__DATA__.

####################

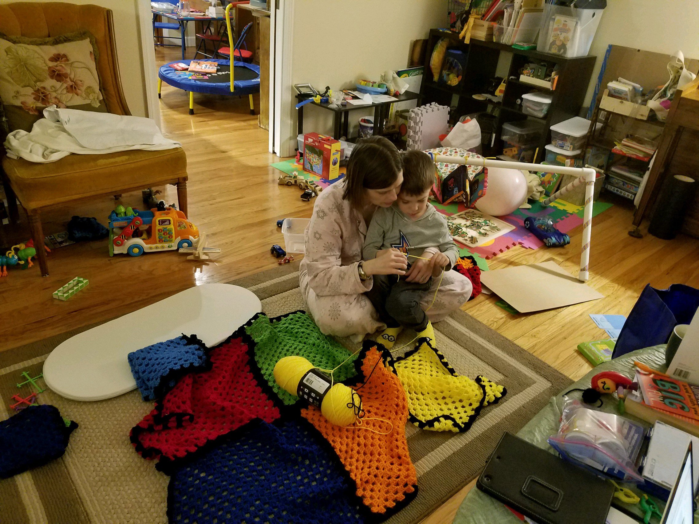 Jack wants to learn how to “knit”. We worked on a single crochet chain. We’ll work on the terminology soon.
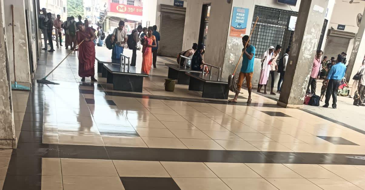 એસ.ટી ડિવિઝન દ્વારા આજે વહેલી સવારથી એસટી ડેપોના સમગ્ર બિલ્ડિંગમાં ઉપરાંત પાકગના સ્થળોએ મોટાપાયે સાફ સફાઇ હાથ ધરવામાં આવી હતી. અને સમગ્ર એસટી પરીસર ને સાફ કરવામાં આવ્યું છે. ઉપરાંત એસટી ડેપોની અંદર આવતી જતી તમામ બસોને વર્કશોપમાં લઈ જઇ સંપૂર્ણપણે ધોવામાં આવી રહી છે. અને મુસાફરોની ચઢઉતર થતી હોવાથી એકબીજા પ્રવાસીઓને કોઈપણ પ્રકારનો ચેપ ન લાગે તે હેતુસર એટીએમમાં સાફ સફાઈ અભિયાન શરૂ કરી દેવાયું છે.
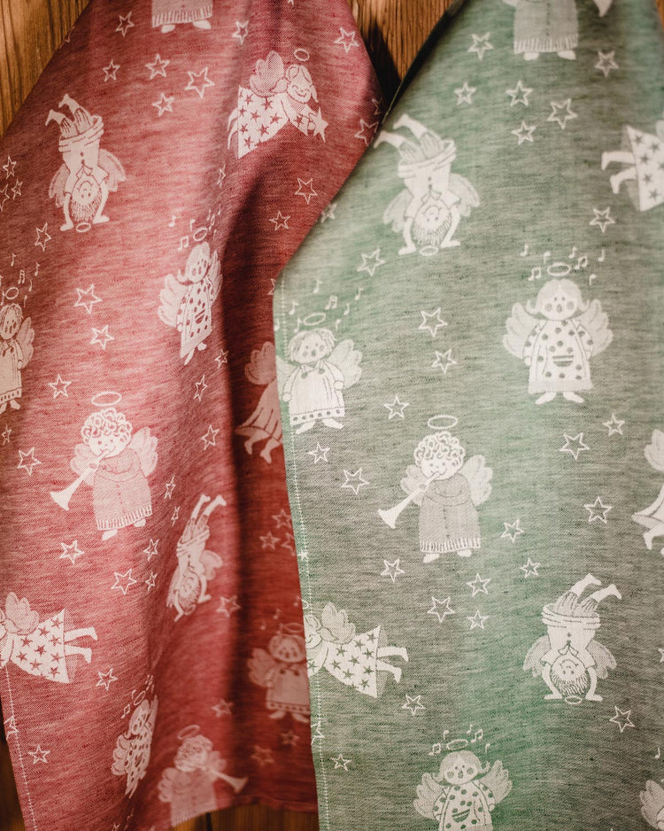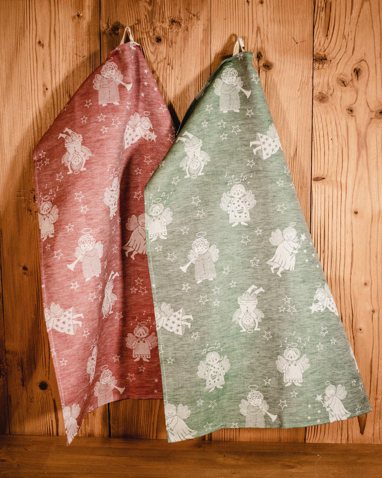 Strofinaccio in misto lino e cotone con motivo natalizio.

####################

__TASK ITEM__.
The required answer is an exact copy of the lines from the one containing "એસ.ટી ડિવિઝન દ્વારા" through the last line of the material, with the pictures removed.

__RESULT__.
 એસ.ટી ડિવિઝન દ્વારા આજે વહેલી સવારથી એસટી ડેપોના સમગ્ર બિલ્ડિંગમાં ઉપરાંત પાકગના સ્થળોએ મોટાપાયે સાફ સફાઇ હાથ ધરવામાં આવી હતી. અને સમગ્ર એસટી પરીસર ને સાફ કરવામાં આવ્યું છે. ઉપરાંત એસટી ડેપોની અંદર આવતી જતી તમામ બસોને વર્કશોપમાં લઈ જઇ સંપૂર્ણપણે ધોવામાં આવી રહી છે. અને મુસાફરોની ચઢઉતર થતી હોવાથી એકબીજા પ્રવાસીઓને કોઈપણ પ્રકારનો ચેપ ન લાગે તે હેતુસર એટીએમમાં સાફ સફાઈ અભિયાન શરૂ કરી દેવાયું છે.
 Strofinaccio in misto lino e cotone con motivo natalizio.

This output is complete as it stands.